Османов берет Павла Ивановича под руку, и они идут, как братья, смахивая пальцами слезы со щек.
— Ту воду никак нельзя было и поделить теми старыми средствами, — говорит Павел Иванович.
— Да. Нельзя. Мы построили социализм и вернулись с вами на места ужаса, чтобы по-своему закончить то, что не могла закончить их жизнь.
— Слушайте, Османов! Я гораздо старше вас — и старше, и наивнее, и в общем так далее… Но раз возвращаемся к молодости — надо к ней возвращаться всем своим существом… Понимаете вы меня?
— Я чувствую вас.
— Ну, и что скажете?
— Вам давно-давно пора стать коммунистом.
— Давно-давно — не значит ли это, что уже поздно?
— Если в нашем распоряжении хотя бы один только день жизни — мы обязаны и этот день прожить всей душой!..
Павел Иванович входит в свою палатку.
Анна Матвеевна плачет, сидя на походной кровати.
— Что, и у вас какие-нибудь воспоминания? — хмуро спрашивает ее Павел Иванович.
Та отмахивается.
— Хоть в партийном порядке дело рассматривай! — говорит она со вздохом.
— Это о ком же?
— Да об Юсуфе этом. Шалава, истинный бог, шалава!.. Голодранцем был, так Фомушку только и смущал, только к себе и сманивал. Вывели человека в люди, так теперь — ах, извиняюсь, жить негде.
— Это любовь, Анна Матвеевна! — говорит вошедшая в палатку народная артистка Халима Насырова.
— Оставьте, пожалуйста.
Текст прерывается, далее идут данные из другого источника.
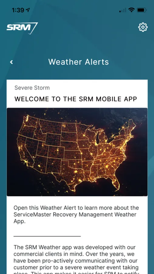 • SEVERE WEATHER NOTIFICATIONS – SRM monitors weather across the country and cross references our weather data with your property locations. When one of your property locations is at risk, we will push a weather notification informing you of the risk so you can be better prepared.

Откуда это видно? — недружелюбно спрашивает ее Анна Матвеевна. — В наше время…
— В ваше время вы вот девушкой и остались, — говорит Павел Иванович.
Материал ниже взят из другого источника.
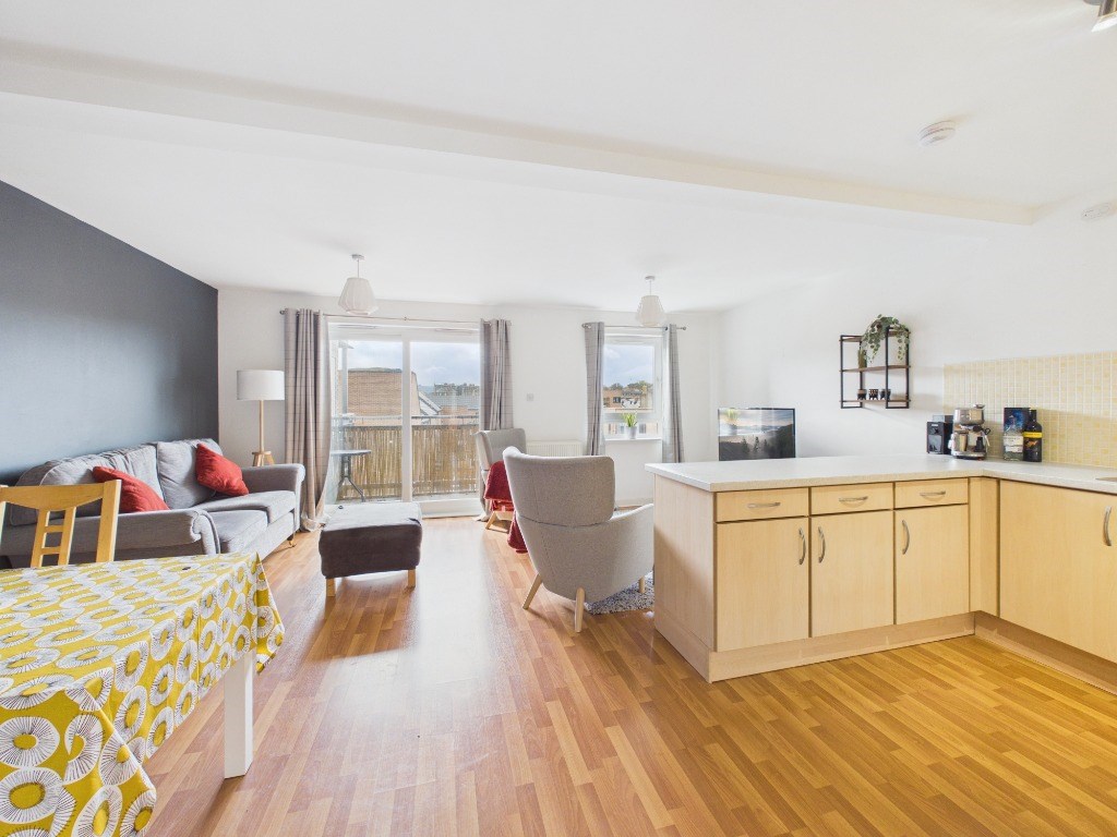 This property comprises of: a welcoming entrance hall with storage cupboard; a spacious principal bedroom with double bed, built in wardrobes and ensuite featuring shower over bath; good size second bedroom with double bed and storage cupboard; main bathroom with shower cubicle and an open plan kitchen-dining-living space with sliding doors which open onto a private balcony with views out towards Arthur's seat and Calton Hill. The kitchen benefits from fitted with appliances such as fridge-freezer, washing machine and gas hob.
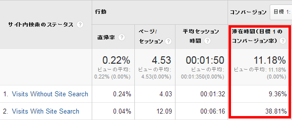 ページ/セッション、平均セッション時間 ―― サイト内検索を使った訪問の方が閲覧ページ数とセッション時間が多い場合は、ウェブサイトのコンテンツが適切であることを示している(つまり、ユーザーは探しているコンテンツを見つけている)。

— Им сейчас делать нечего — вот они и любить разучились. Это такие люди — будет аврал, шторм, прорыв, катастрофа, они тут и устроятся. Любят, чтобы у них все сразу, все вместе, то и другое. Жалко, нигде прорыва нет, чтоб их послать!.. Там бы все и устроилось…
— Нет, все-таки некрасиво вышло. Разговоров не оберешься, а толку нет, — не соглашается Анна Матвеевна.
— У кого нету, у кого есть, — и в палатку входит Ризаев, здороваясь со всеми.
— Профессор-ака, аукцион хотим маленький делать завтра.
— Какой аукцион?.. И что это вы все слова перепутали?.. Аукцион?
— Ну, торги называется… Фатьму продавать надо…
— Какую Фатьму продавать? — встает Анна Матвеевна.
— Подожди, подожди… Я по-другому скажу — Юсуфа покупать будем. Аукцион! Кто больше даст — тот к себе забирает. Жить им негде, дома нет, кишлака нет, сада нет. Такой работник! О! — и он выставляет большой палец. — Иначе, как торги, не выходит!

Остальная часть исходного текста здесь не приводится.